Does this mean that we are not allowed to fall in love? Does it mean we have to get healthy and confident before we allow ourselves to fall in love? What would the natural consequence of that be? Say we never really recover, does that imply we never may give in to love because we could be doing it for the wrong reasons? If we have experienced falling in love and completely depending on that person, it may be understandable that the fear of falling for the wrong reasons might keep us from falling at all. But just because we made one mistake in the past does not mean we have to make another one in the present.
Depending on one’s loved one is natural to some degree. But I find it important to remember that we still are individuals. And as such it is crucial that we keep improving. That we keep working on our self-confidence. I think it is also vital that we talk to our significant other about these issues. A relationship is supposed to make us better as individuals. But the moment we stop improving we are getting worse. So if our relationship makes us dependent on the other person. If the relationship is the only reason we can love ourselves, it is not making us better. On the contrary. And that’s the point where it has to end.
How do we know if our relationship has turned into this? Because it may very well be that it started out as a healthy relationship. I think the best indicator is how much we are depending. And this however is individual. There is nothing wrong with not wanting to make a decision once and just go with whatever the loved one decides. But if the other one makes every single decision that is a clear indicator for dependence. Another one is when one is miserable without the other. And I am not talking about the normal missing someone.
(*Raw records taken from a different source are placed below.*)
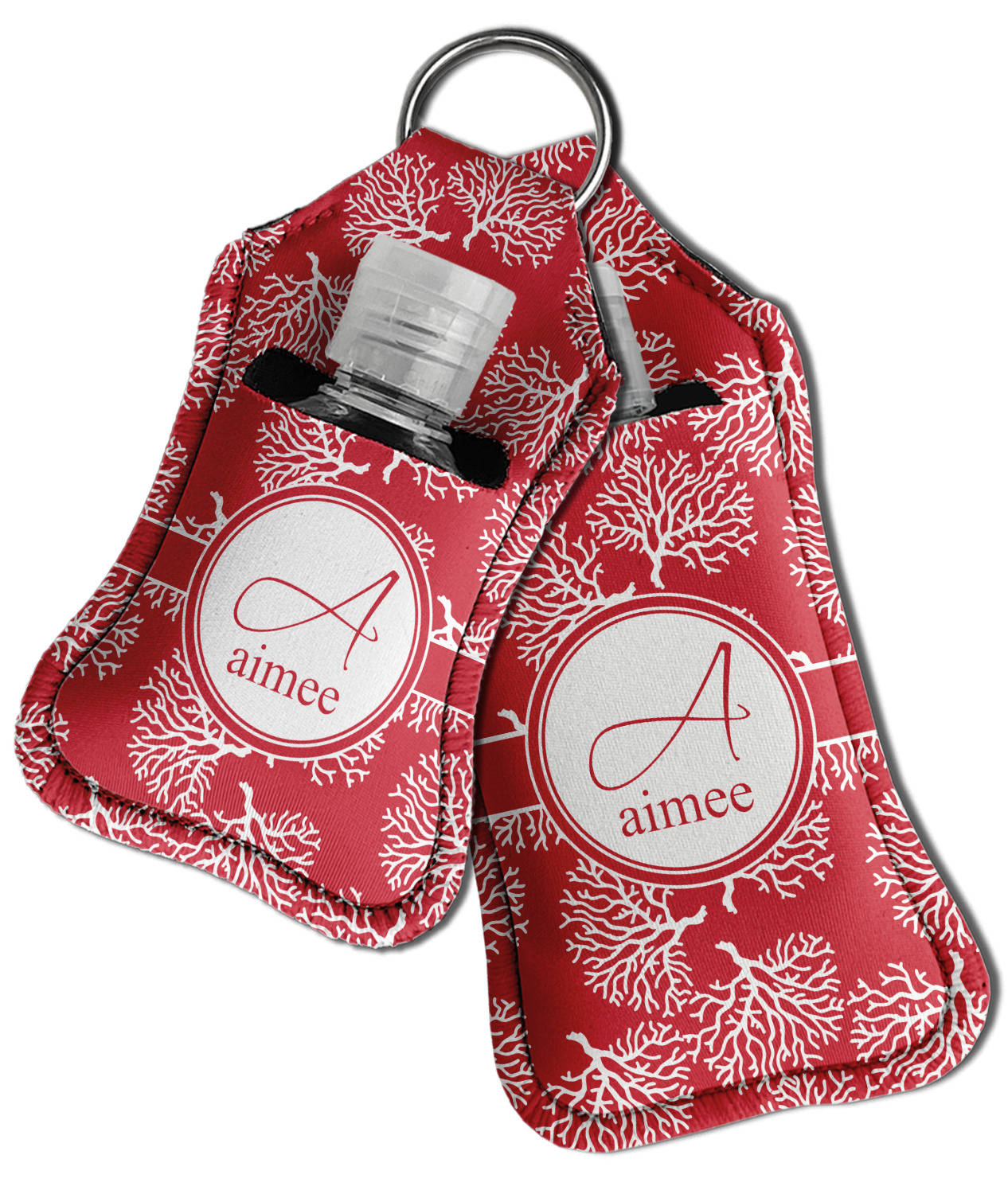 Each hand sanitizer holder comes with its own empty travel-sized, refillable hand sanitizer sure to fit snug in your customized sanitizer case! Our hand sanitizer cases are a durable, yet soft neoprene material sure to last any daily activities or travel agenda. Customize and personalize a hand sanitizer bottle holder with one of our two sizes - small (4.25" x 2.25") or large (5.5" x 2.5"). Each travel sanitizer holder comes with a keyring for attachment on bags, keys, or more!
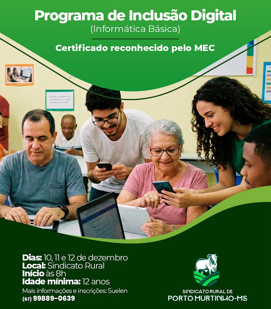 O Sindicato Rural de Porto Murtinho está com inscrições abertas para o curso gratuito de Informática Básica, uma oportunidade para quem deseja aprender os principais conceitos do uso do computador e se preparar melhor para o mercado de trabalho. A capacitação integra o Programa de Inclusão Digital e oferece certificado reconhecido pelo MEC.
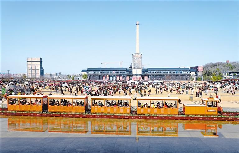 1月11日,游客在浙江省杭州市大运河杭钢公园游玩。公园所在地原是拥有60多年历史的杭州钢铁厂,当地将工业遗产与现代文旅消费深度融合,把这里打造成工业文化保护利用的城市新地标。徐根柱摄(中经视觉)

I am talking about that moment where you are constantly waiting for the other. The moment where your world is limited to the relationship we need to work on our independence. And this does not mean we need to break up. By no means. But it means that we should take action in some form. Most likely it is also a good idea to talk about it with out loved one. Because looking at it from the other angle putting this pressure onto someone is not fair just as much as it is unhealthy. No one is even remotely capable of being someone’s only reason to be happy. I am not saying that our relationships don’t make us very happy. But the point is that they add to our lives and are not the sole purpose of them.
One more sign would be that the relationship has become purely physical. And then we might just be holding on to it for the physical comfort. Which means we are not dependent on a person but on hugs or sex. Again: as long as we have a life outside our sex-life (my apologies for the explicity) that’s fine. And we have to decide whether or not that is a relationship worth having. Now, I am saying this because I never wanted a purely physical relationship, but I did not notice that I was in one until I got out of it. If we are in such a relationship we often do not see what is going on. And we cannot see because we are depending on it.
There is the possibility of being in a relationship for the wrong reasons. Or having a relationship conflict with us building self-confidence as an individual. But usually that is no reason to end our relationships or forbid ourselves to engage in one. As long as we don’t feel like our relationship is the only good thing in our lives. As long as we have other hobbies and passions, we are fine. In a good relationship we will always be safe and supported when we need it but at the same time we will be encouraged to have our own lives and we will be better as individuals just as much as we are better as a couple.